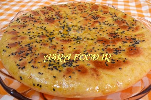 داخل تابه یا قالب مورد نظر رو چرب کنید و خمیر رو داخل تابه باز کنید روی ظرف را بپوشونید دوباره بیست دقیقه خمیر را استراحت بدید. بعد از این مدت روی نان را هر جور دوست داشتید شکل بندازید و شیر و زرده تخم مرغ و زعفران رو مخلوط کرده و روی نانها بمالید و روش کنجد بپاشید. بعد اگر خواستید در فر بپزید به مدت 20 الی 30 دقیقه با حرارت 180 درجه سانتیگراد.
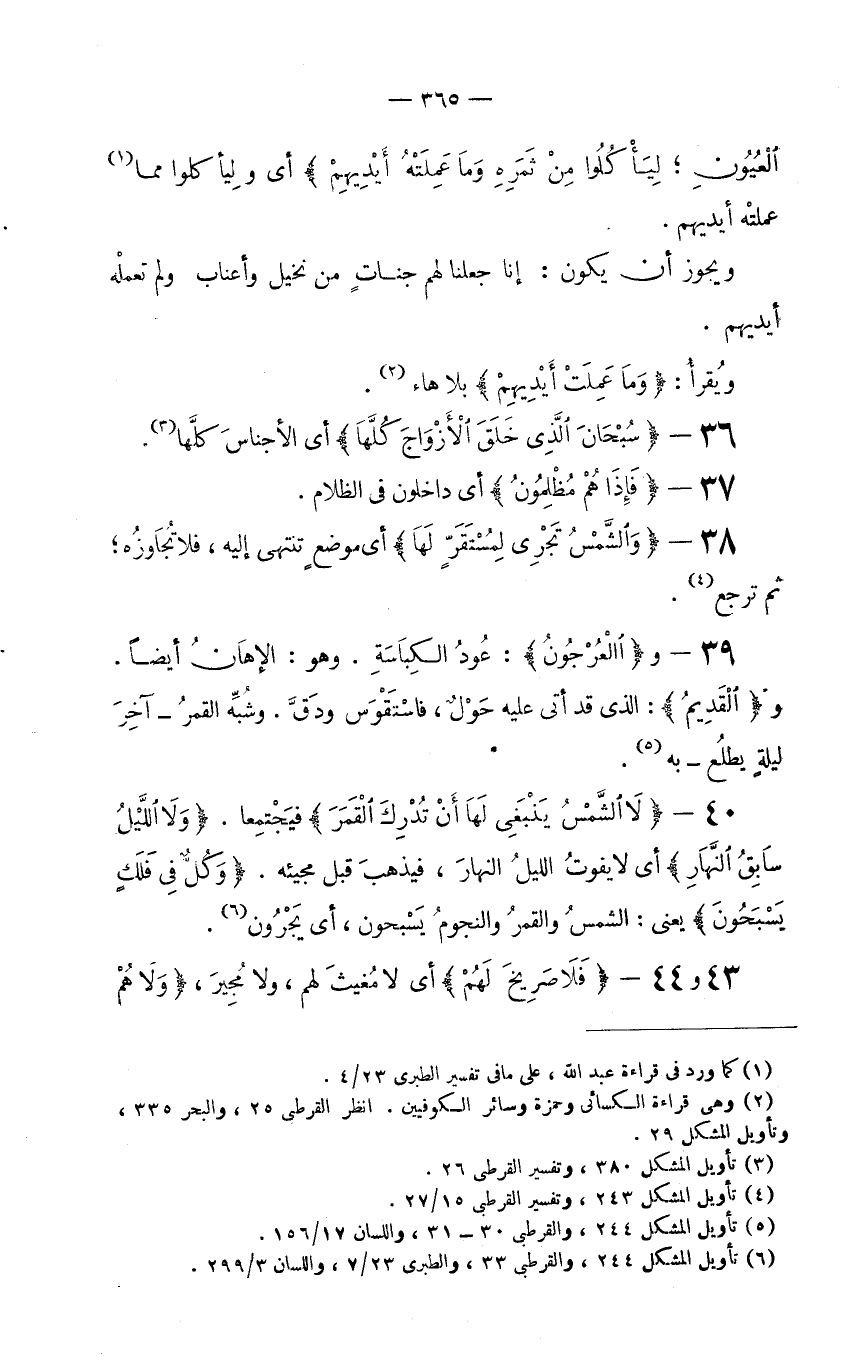 39- و (الْعُرْجُونُ) عُودُ الكِبَاسَةِ. وهو: الإهَانُ أيضًا. و (الْقَدِيمِ) الذي قد أتى عليه حَوْلٌ فاستَقْوَس ودَقَّ. وشُبِّهَ القمرُ -آخِرَ ليلةٍ يطلُع- به (5) .
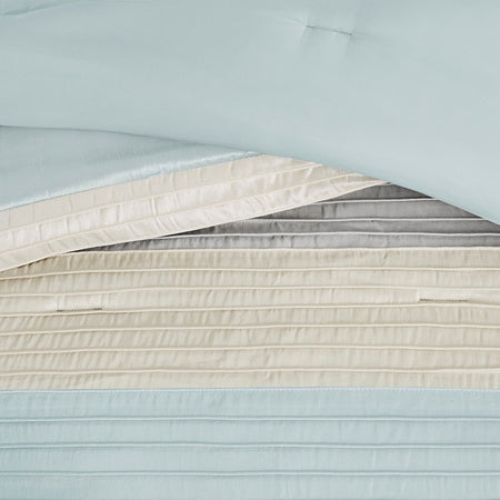 - Transitional style 7 piece comforter set in pintucking and embroidery details
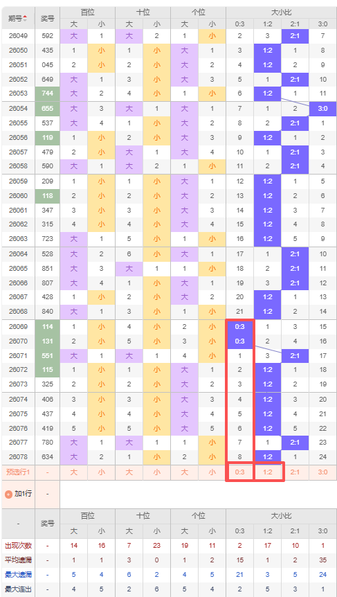 上期大小比:1:2,近10期大小比出现情况:0:3、0:3、2:1、1:2、1:2、1:2、1:2、1:2、2:1、1:2,最近10期出2期2:1,出现6期1:2,出现2期0:3,出现0期3:0,根据近10期出号规律本期推荐遗漏8期的0:3,防连出1:2,综上所述大小比推荐:1:2,重点关注:0:3。
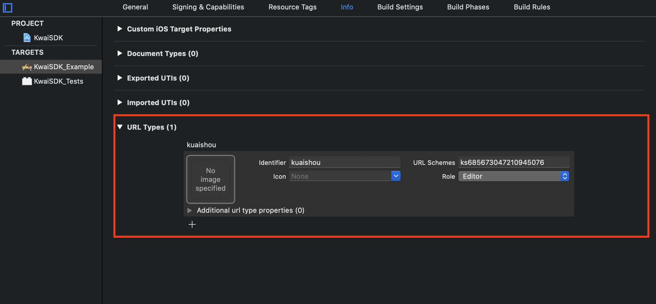 1. 选择 Xcode 工程,在 Targets -> Info -> URL Types 中点击加号。
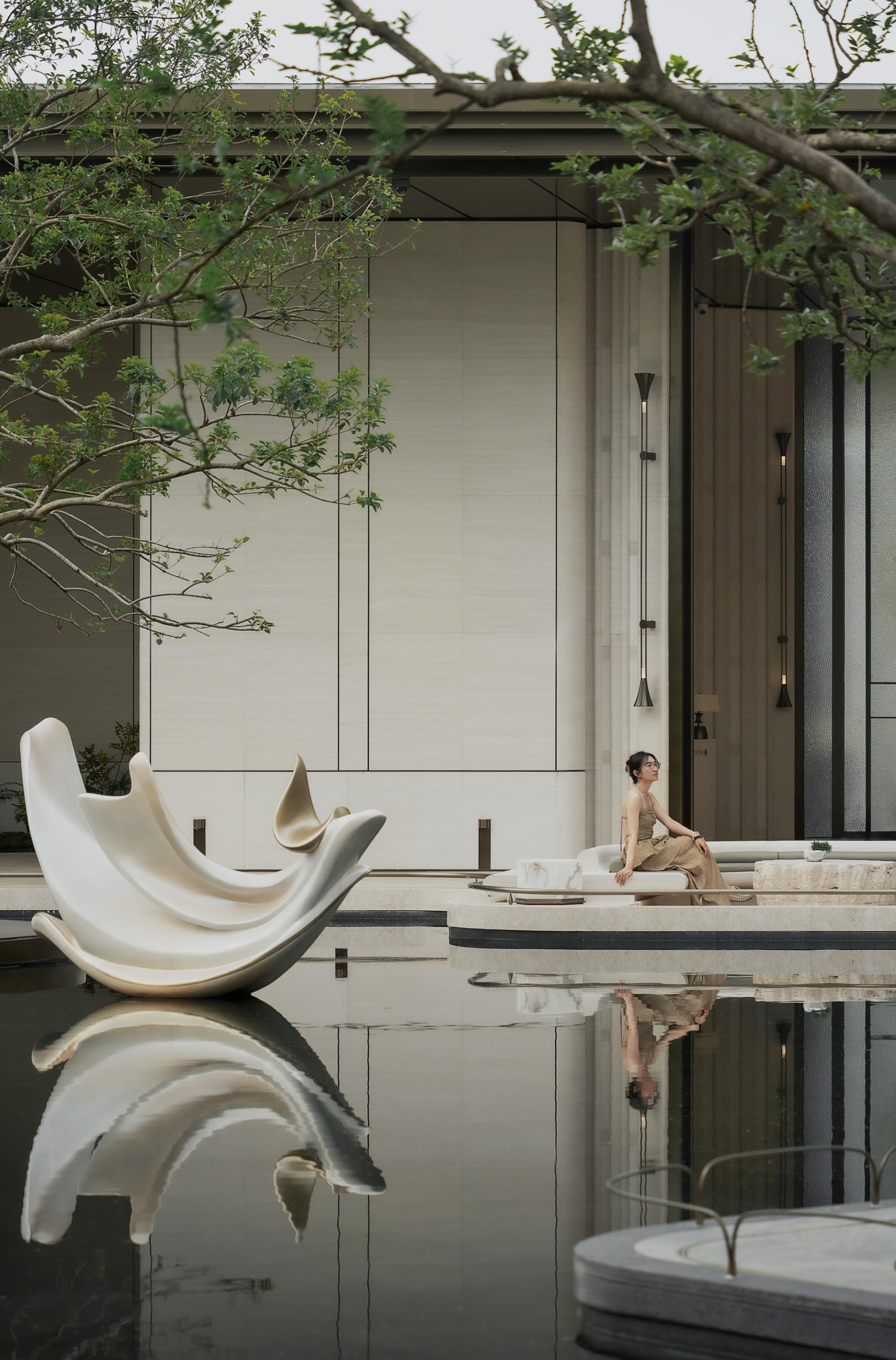 The cantilevered Tea Pavilion floats like a glowing amber jewel box, its glazed facade embodying centuries of craftsmanship in a luminous glow. Inspired by Aman’s sacred tree courtyards, the Tree Theatre centers on a grand hackberry whose canopy cascades like a verdant throne. Framed by mirror pools and a curtain of trees, this sanctuary invites rest, reflection, and deep emotional resonance—anchoring the brand’s philosophy of soulful placemaking.
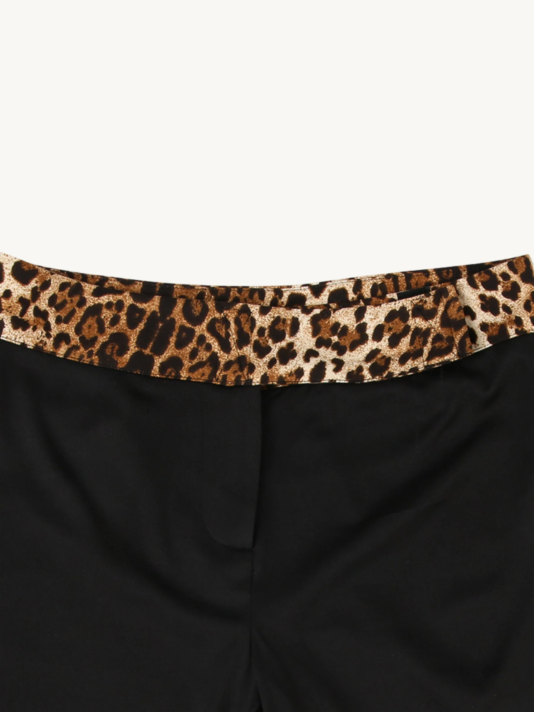 Ce pantalon taille haute associe une coupe évasée à une ceinture imprimée léopard audacieuse. Confectionné dans un tissu stretch, il épouse la silhouette tout en offrant une grande liberté de mouvement.
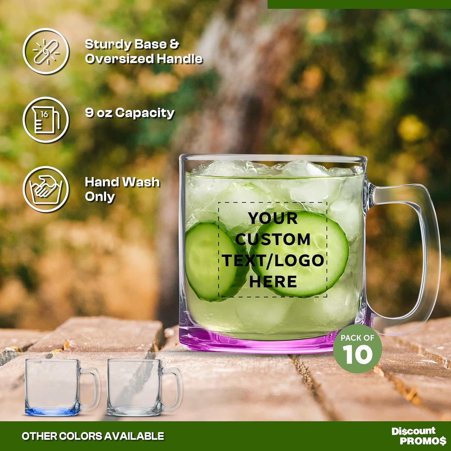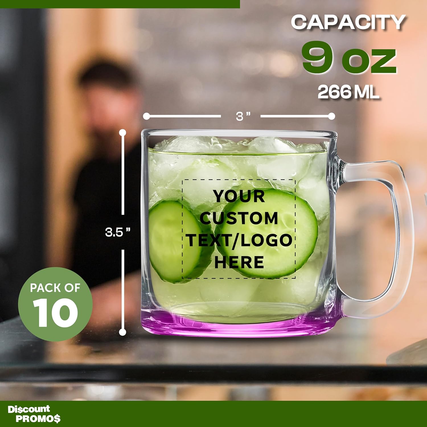 DISCOUNT PTOMOS Custom Small Glass Coffee Mugs 9 oz. Set of 10, Personalized Bulk Pack - Perfect for Coffee, Tea, Espresso, Hot Cocoa, Other Beverages - Pink
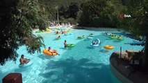 Sıcaktan bunalan su parkına koşuyor
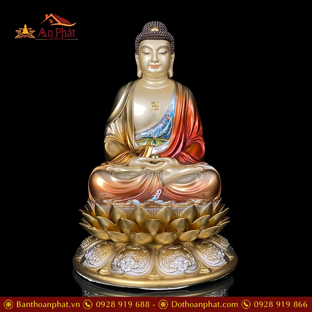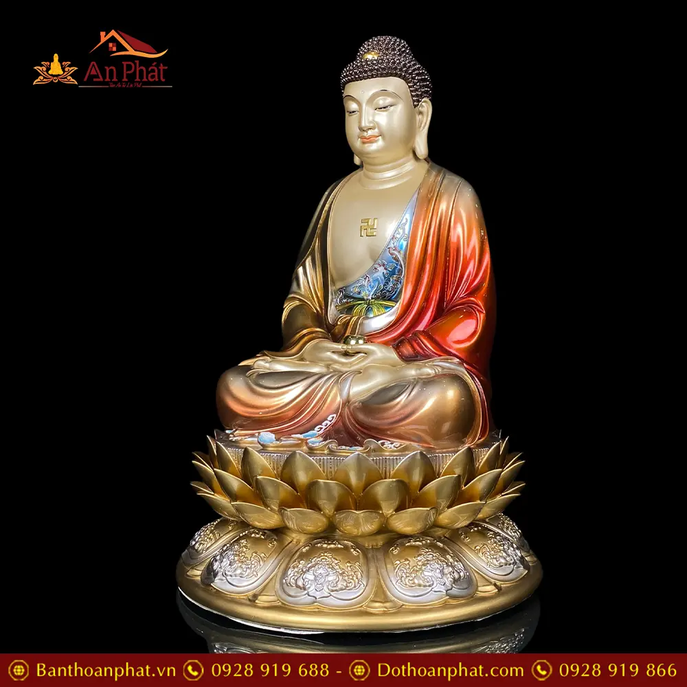 Tượng Phật A Di Đà Ngồi Đế Hoa Sen Bằng Đồng Cao Cấp T2542
━━━━━━━━━━━━━━━━
## EXERCISE OBJECTIVE:
Return each entry exactly as it appears above, but exclude the pictures.

## WRITTEN SOLUTION:
 داخل تابه یا قالب مورد نظر رو چرب کنید و خمیر رو داخل تابه باز کنید روی ظرف را بپوشونید دوباره بیست دقیقه خمیر را استراحت بدید. بعد از این مدت روی نان را هر جور دوست داشتید شکل بندازید و شیر و زرده تخم مرغ و زعفران رو مخلوط کرده و روی نانها بمالید و روش کنجد بپاشید. بعد اگر خواستید در فر بپزید به مدت 20 الی 30 دقیقه با حرارت 180 درجه سانتیگراد.
 39- و (الْعُرْجُونُ) عُودُ الكِبَاسَةِ. وهو: الإهَانُ أيضًا. و (الْقَدِيمِ) الذي قد أتى عليه حَوْلٌ فاستَقْوَس ودَقَّ. وشُبِّهَ القمرُ -آخِرَ ليلةٍ يطلُع- به (5) .
 - Transitional style 7 piece comforter set in pintucking and embroidery details
 上期大小比:1:2,近10期大小比出现情况:0:3、0:3、2:1、1:2、1:2、1:2、1:2、1:2、2:1、1:2,最近10期出2期2:1,出现6期1:2,出现2期0:3,出现0期3:0,根据近10期出号规律本期推荐遗漏8期的0:3,防连出1:2,综上所述大小比推荐:1:2,重点关注:0:3。
 1. 选择 Xcode 工程,在 Targets -> Info -> URL Types 中点击加号。
 The cantilevered Tea Pavilion floats like a glowing amber jewel box, its glazed facade embodying centuries of craftsmanship in a luminous glow. Inspired by Aman’s sacred tree courtyards, the Tree Theatre centers on a grand hackberry whose canopy cascades like a verdant throne. Framed by mirror pools and a curtain of trees, this sanctuary invites rest, reflection, and deep emotional resonance—anchoring the brand’s philosophy of soulful placemaking.
 Ce pantalon taille haute associe une coupe évasée à une ceinture imprimée léopard audacieuse. Confectionné dans un tissu stretch, il épouse la silhouette tout en offrant une grande liberté de mouvement.
 DISCOUNT PTOMOS Custom Small Glass Coffee Mugs 9 oz. Set of 10, Personalized Bulk Pack - Perfect for Coffee, Tea, Espresso, Hot Cocoa, Other Beverages - Pink
 Sıcaktan bunalan su parkına koşuyor
 Tượng Phật A Di Đà Ngồi Đế Hoa Sen Bằng Đồng Cao Cấp T2542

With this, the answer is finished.